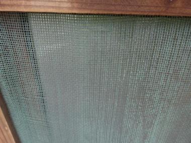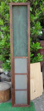 杉並区のお宅で使われていた窓です。緑色のところはふつうの金網ではなく、銅製のものが付いています。 当店では、あまりみることのない変わった金網です。
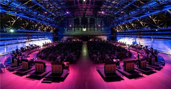 韦德・汤普森训练大厅开阔的空间特性,对声场均匀度与乐器共鸣表现提出极高要求。为让每一缕声波都精准传递,海伦技术团队提前进驻场地调试:通过专业设备测算空间声学参数,为50架钢琴逐一优化音板振动频率与击弦机响应速度;延续“每架琴高1/100音程”的核心调校逻辑,搭配升级后的Newzik智能化系统,确保11000根琴弦的振动完美同步。最终,声波在大厅中自然流淌,时而如引擎轰鸣,时而似狂风呼啸,精准还原哈斯“琴弦模拟宇宙声响”创作初心
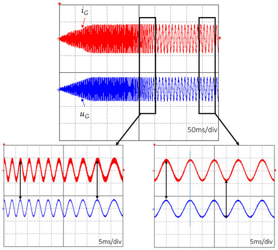 Figure 21 shows the waveform of the grid inverter current and voltage registered on Bus 2 with a non-zero set active component and a zero reactive component. From the analysis of the results, it can be seen that in all start-up states, including voltage rise at constant frequency, linear frequency reduction, and steady state, the current waveforms are in phase with the voltage waveform.
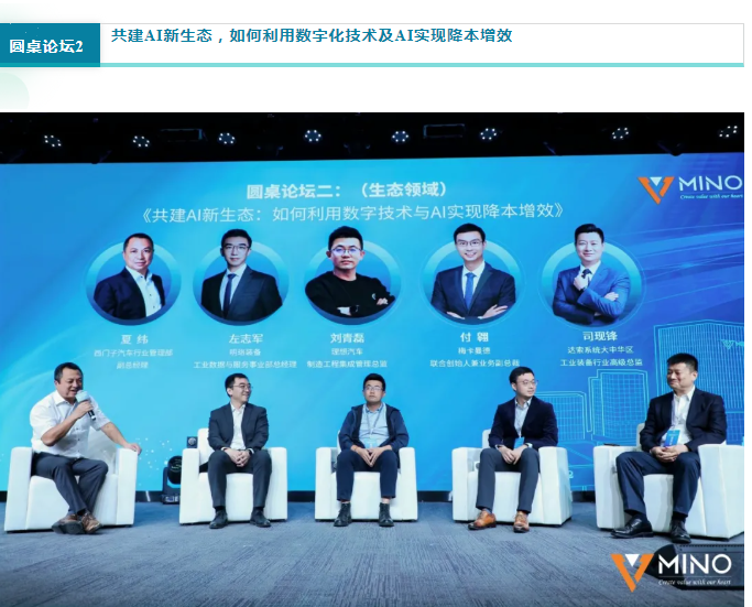 在下午舉行的圓桌論壇環節,在西門子汽車行業管理部副總經理夏緯的主持下,明珞工業數據與服務事業部總經理左志軍、理想汽車制造工程集成管理總監劉青磊、達索系統大中華區工業裝備行業高級總監司現鋒、梅卡曼德-聯合創始人兼業務副總裁付翱圍繞《共建AI新生態:如何利用數字化技術與AI實現降本增效》展開熱議。
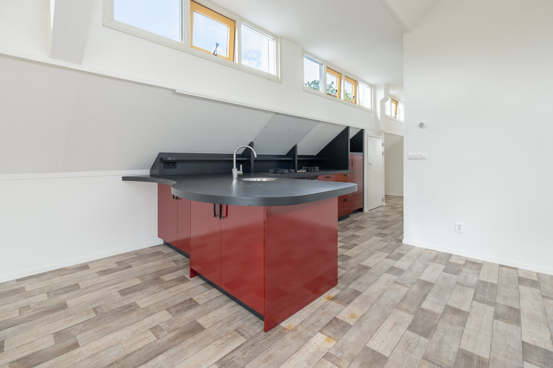 Als u het appartement verder binnenloopt komt u aan in de keuken. Deze keuken biedt door de kasten veel opbergruimte, in een van de kasten bevindt zich de CV-ketel. Daarnaast is de keuken uitgerust met een vaatwasser, een 4-pits gasfornuis, een combi-oven en een koelkast: alles wat u nodig heeft om heerlijke maaltijden te bereiden. En een leuke extra: de speels afgewerkte bar, waar uw gasten gezellig kunnen plaatsnemen tijdens het koken.
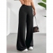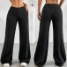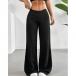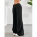 Women's Mid Rise Wide Leg Pants Pull-On Seamless Comfy Lounge Trousers Black

====

• [What is needed] Take the lines from the start of the material to the line with "韦德・汤普森训练大厅开阔的空", both included, and transcribe them exactly without the pictures.

• [Solution to this problem]
 杉並区のお宅で使われていた窓です。緑色のところはふつうの金網ではなく、銅製のものが付いています。 当店では、あまりみることのない変わった金網です。
 韦德・汤普森训练大厅开阔的空间特性,对声场均匀度与乐器共鸣表现提出极高要求。为让每一缕声波都精准传递,海伦技术团队提前进驻场地调试:通过专业设备测算空间声学参数,为50架钢琴逐一优化音板振动频率与击弦机响应速度;延续“每架琴高1/100音程”的核心调校逻辑,搭配升级后的Newzik智能化系统,确保11000根琴弦的振动完美同步。最终,声波在大厅中自然流淌,时而如引擎轰鸣,时而似狂风呼啸,精准还原哈斯“琴弦模拟宇宙声响”创作初心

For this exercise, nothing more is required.